The n players line up behind the free throw line, with the first two players each having a basketball.  (At camp n was often 80 or so, with the line stretching to the other end of the court, but in this case n=4.)  Each player in turn shoots initially from the free throw line.  If he makes it, he passes the ball to the next player and goes to the end of the line.  If he misses, he must recover the ball and shoot again– not necessarily from the free throw line– until he makes it.  If a player ever fails to make a shot before the player behind him makes his shot, he is “knocked out” of the game.  The last player remaining wins.

How fair is this game?  That is, if we assume that all players are equally skilled, how important is your choice of starting position in line?  Intuitively, it seems like it would be better to start nearer the end of the line, with the extent of advantage depending on the assumed difficulty of all shots taken.  As usual, my intuition turned out to be wrong (or at least not entirely correct), which is why I think this is an interesting problem.
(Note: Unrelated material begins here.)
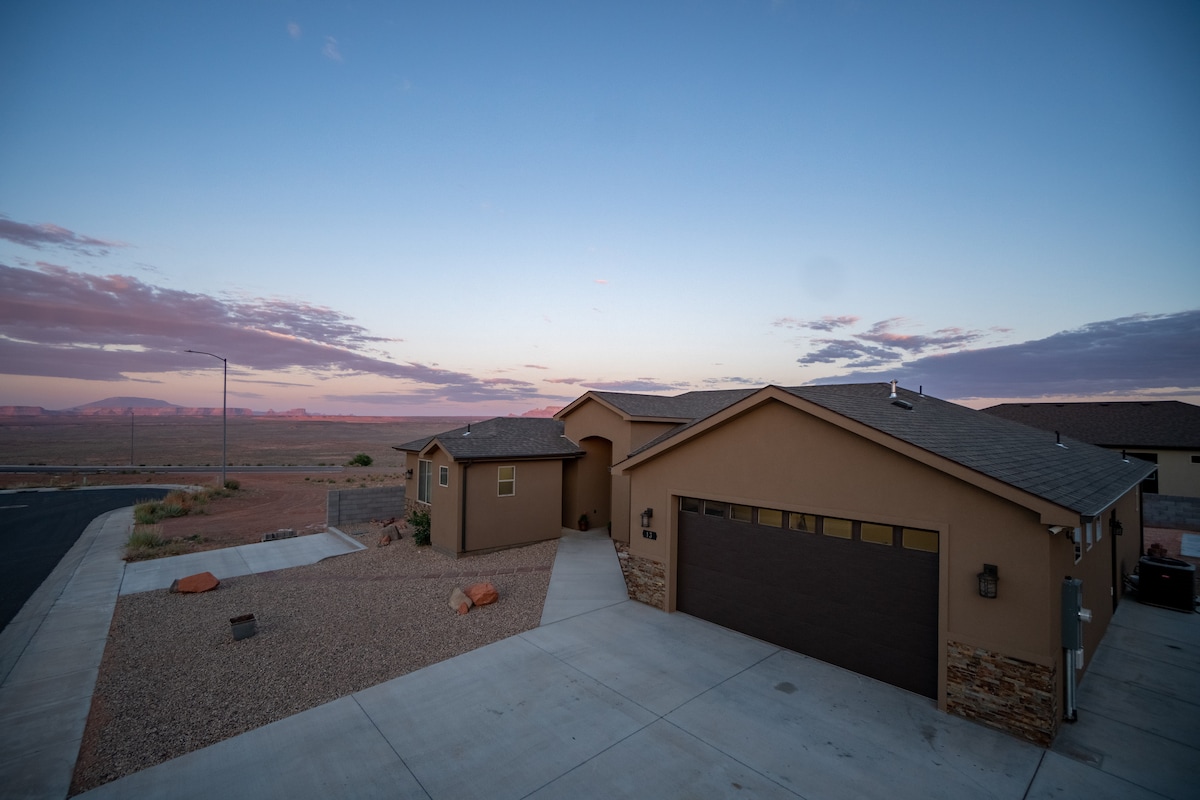 Enjoy breathtaking views all day from this large, open & modern space. With 20ft ceilings & wall to wall windows, enjoy the areas natural beauty from the comfort of home. 3 large bedrooms & 2 bathrooms split on 2 floors with 2 additional roll outs. Horseshoe Bend is 5 mins away and Antelope Canyon & Lake Powell are 10 mins. BBQ, dine or stargaze from the back yard & upper deck, sit around the fire pit, enjoy a game of shuffleboard, foosball, darts or arcade basketball, 5 TVs, fast Wifi, laundry
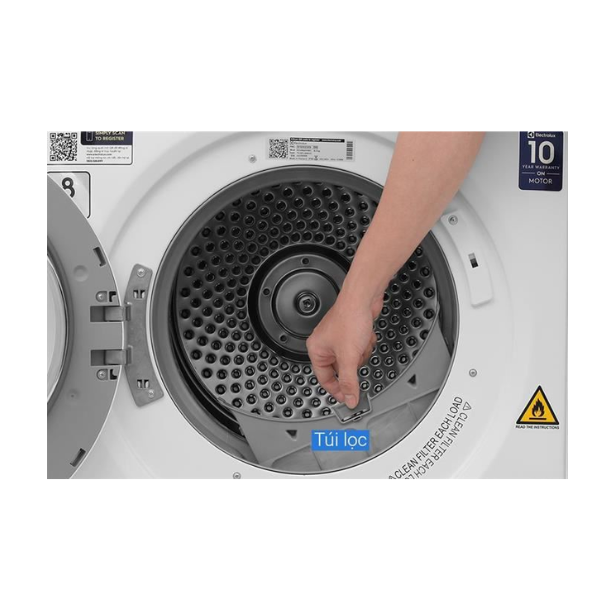 Máy sấy được thiết kế với gam màu trắng thanh lịch, dễ dàng phù hợp với nhiều không gian nội thất từ căn hộ đến nhà phố.

Let’s model the game by assuming that each player during his turn makes the initial free throw with probability p, and (after a miss) makes any following shot with probability q.  (My guess at reasonable values for p are somewhere between 0.4 and 0.6, with q somewhere between 0.7 and 0.9.)  Also, let’s assume that players always alternate shots, so that a player never gets two consecutive opportunities to make his shot without the other player shooting.

To make this more precise, the following figure shows the transitions between the five basic game states, with each node representing a shooting situation s_i for the ordered subset of numbered players currently remaining in the game, with the player to shoot indicated in red.

Transitions between game states in Knockout.  The numbered player to shoot is shown in red.

Transitions between game states in Knockout. The numbered player to shoot is shown in red.

(For reference, a simplified two-player variant of this game was discussed earlier this year at Mind Your Decisions.  However, that game is still not quite Knockout as discussed here, even restricting to n=2 players and p=q.  For example, if players 1 and 2 both miss, then player 1 makes his following shot, he does not immediately win the game.)

Knockout is relatively easy to simulate, but is a bit more challenging to approach analytically.  Like the dice game Pig discussed earlier this year, the problem is that game states can repeat, so a straightforward recursive or dynamic programming solution won’t work.

So, as usual, to present the problem as a puzzle: in the game of Knockout with just n=2 players, as a function of p and q, what is the probability that the first player wins?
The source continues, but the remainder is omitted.